:: DATASET ::
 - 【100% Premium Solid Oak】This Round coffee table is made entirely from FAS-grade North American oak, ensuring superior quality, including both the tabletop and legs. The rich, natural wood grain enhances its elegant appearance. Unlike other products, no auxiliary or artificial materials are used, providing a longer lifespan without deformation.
:::
:: DATASET ::
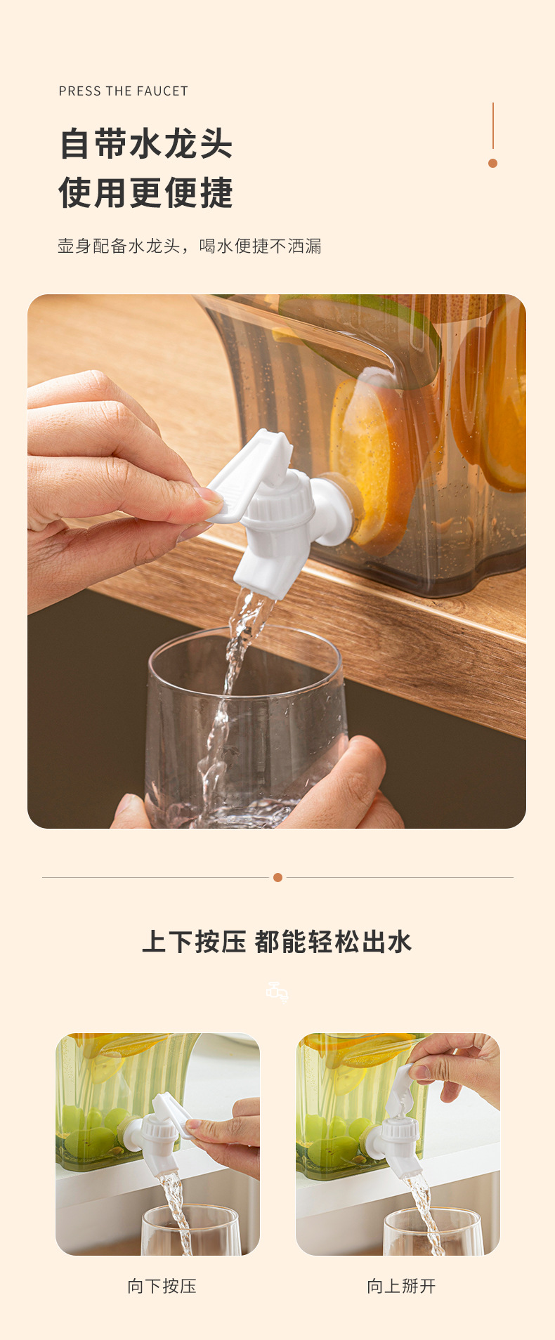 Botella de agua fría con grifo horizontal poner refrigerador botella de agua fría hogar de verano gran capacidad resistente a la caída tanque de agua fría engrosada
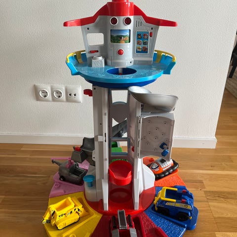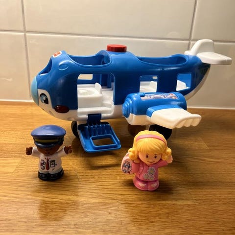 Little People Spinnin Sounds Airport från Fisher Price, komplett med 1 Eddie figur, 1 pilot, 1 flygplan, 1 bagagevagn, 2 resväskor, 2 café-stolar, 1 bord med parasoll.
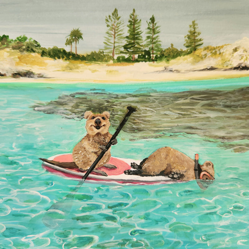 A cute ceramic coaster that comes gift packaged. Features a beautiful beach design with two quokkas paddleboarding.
:::
REQUIRED WORK: Look above for the line containing "Little People Spinnin", then write out every line from there down to the line containing "A cute ceramic", that line included, with no pictures.

SOLVED EXERCISE:
 Little People Spinnin Sounds Airport från Fisher Price, komplett med 1 Eddie figur, 1 pilot, 1 flygplan, 1 bagagevagn, 2 resväskor, 2 café-stolar, 1 bord med parasoll.
 A cute ceramic coaster that comes gift packaged. Features a beautiful beach design with two quokkas paddleboarding.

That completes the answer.